Depending on the application or tool in use, you can configure a JDBC connection in one of the following ways:
- Using the JDBC driver interface in your tool or application
- Using a JDBC driver connection string
- In a notebook (for example, a Jupyter notebook)
Use a JDBC Driver Interface¶
If your application or tool provides a JDBC driver interface, you can use it to configure a JDBC connection to the Enterprise catalog with the Enterprise JDBC driver. The following instructions use the DBeaver database administration tool and SQL Workbench/J as examples.
Configuring a JDBC Connection in DBeaver¶
- Go to File and then select Connection Manager > New.
- Provide the following information:
- Name - Amp Query Engine.
- Driver Type - Generic.
- Class Name - org.apache.calcite.avatica.remote.AmpDriver.
- URL Template - jdbc:amp:.
- Default Port - 80 (for HTTP) or 443 (for HTTPS).
- Library - The path to the Enterprise JDBC driver (.JAR) file on your computer.
- Specify the connection settings:
- Go to Database and select New Connection.
- In the Connection settings section, provide the following information:
- User name - The user name of your Enterprise user account.
- Password - The password of your Enterprise user account.
- In the Driver Properties section, next to URL, enter Amp_instance_URL/query-engine-jdbc.
You are now ready to run queries from DBeaver over the configured JDBC connection.
Note
Note the query syntax.
Configuring a JDBC Connection in SQL Workbench/J¶
In SQL Workbench/J, click the Manage Drivers button.
In the Manage drivers window, in the drivers pane on the left, select Aginity AQE and enter the classname.
Note
The automatically discovered classname may be incorrect.
Create a connection profile:
- Driver - Select Aginity AQE (org.apache.calcite.avatica.remote.AmpDriver).
- JDBC - Enter jdbc:amp:Amp_instance_URL/query-engine-jdbc.
- Username - The user name of your Enterprise user account.
- Password - The password of your Enterprise user account.
Click Extended Properties, add a “URL” property, and enter the “https” version of the connection as the value: https://Amp_instance_URL/query-engine-jdbc.
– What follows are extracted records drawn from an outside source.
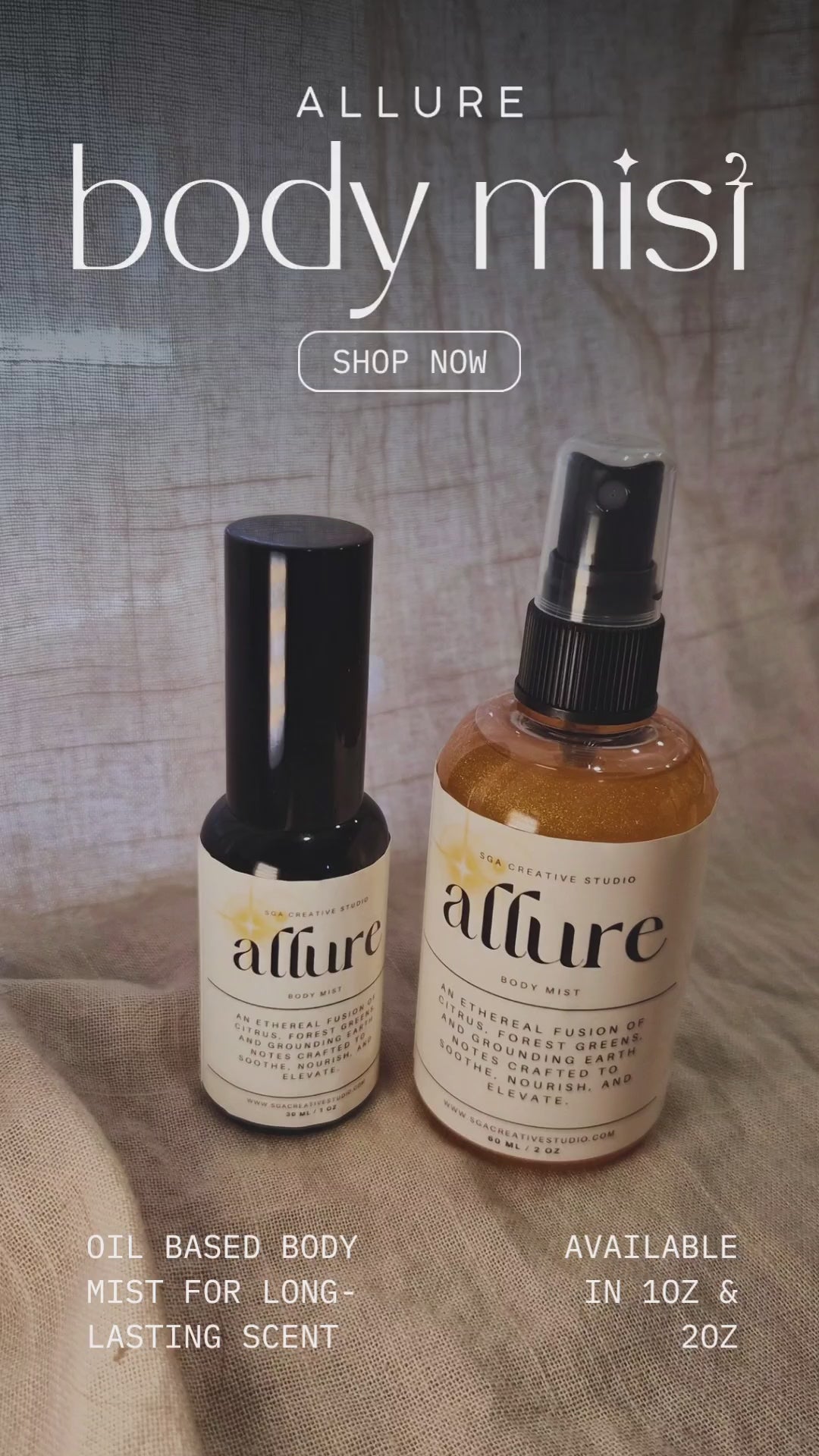 Meet Allure Body Mist, the oil-based body mist that mirrors the dreamy aroma and luminous finish of our Allure Body Oil. Designed to drape skin in a weightless, moisturizing glow. This mist combines the elegance of a dry oil with the sensual diffusion of a perfume.
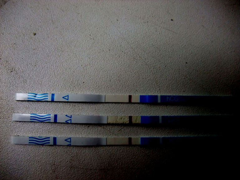 Ждем дня Х (Признаки беременности / Тесты)Сегодня 4 день задержки. Сфоткала тесты. Полосочки пока неяркие, фотик не ловит их, поэтому затемняю. Первая фотка - тест на 16 ДПО. Вторая фотка: верхний - на 13 ДПО(за день до задержки), второй - на 15 ДПО (2 ДЗ), нижний - на 16 ДПО (3 ДЗ). В жизни на нижнем полоска ярче, чем на втором, к тому же второй помятый "слегка")).
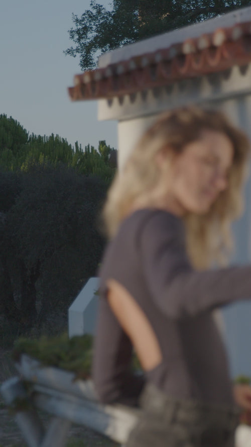 The Alya body is a long-sleeved bodysuit in openwork knit made from organic cotton. With a round neck and a large opening in the back, this body is very feminine!
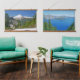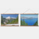 This set of tapestries shows two magnificent scenes from the Cascade Mountains. One shows a photo of Mount Baker, a volcano in Washington's North Cascades, overlooking an alpine landscape. Below the mountain, a tiny alpine lake peeks from behind some evergreen trees. Snow covers Mt. Baker's peak and lies in a field in the foreground. In the other photo, the vast waters of Crater Lake spread out beneath a blue sky. This iconic scene from Oregon's Cascade Mountains shows the famous blue water, the cone of Wizard Island, and the steep walls of the caldera. Enjoy these beautiful landscapes from the Pacific Northwest.
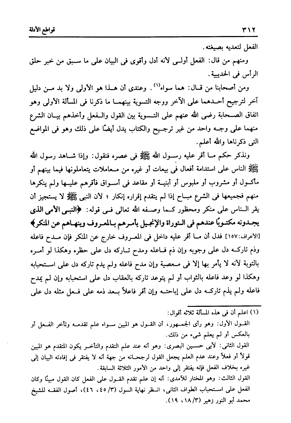 ومن أصحابنا من قال هما سواء1 وعندى أن هذا هو الأولى ولا بد من دليل آخر لترجيح أحدهما على الآخر ووجه التسوية بينهما ما ذكرنا فى المسألة الأولى وهو اتفاق الصحابة رضى الله عنهم على التسوية بين القول والفعل وأخذهم بيان الشرع منهما على وجه واحد من غير ترجيح والكتاب يدل أيضا على ذلك وهو فى المواضع التى ذكرناها والله أعلم.

To test the connection, click Test.
On the Tools menu, select Show Database Explorer.
A catalog called “AMP” with a drop-down list showing workspace/project “databases” appears.
Note
You will get an error if you try to show a project that contains a notebook with no input schema and output schema. Either fix that notebook, delete it, or select a different project.
You are now ready to run queries from SQL Workbench/J over the configured JDBC connection.
Note
Note the query syntax.
Use a JDBC Driver Connection String¶
If your application or tool does not provide a JDBC driver interface, you can configure a JDBC connection to the Enterprise catalog using a driver connection string. The following instructions use QlikView as an example.
Note
Before you begin configuring a JDBC connection in QlikView, you need to install a JDBC connector, such as TIQ Java Service Connector.
To configure a JDBC connection using a JDBC driver connection string:
In the QlikView JDBC Connector Config dialog box, on the JDBC Driver tab, click Add Library and browse to the Enterprise JDBC driver (.JAR) file on your computer.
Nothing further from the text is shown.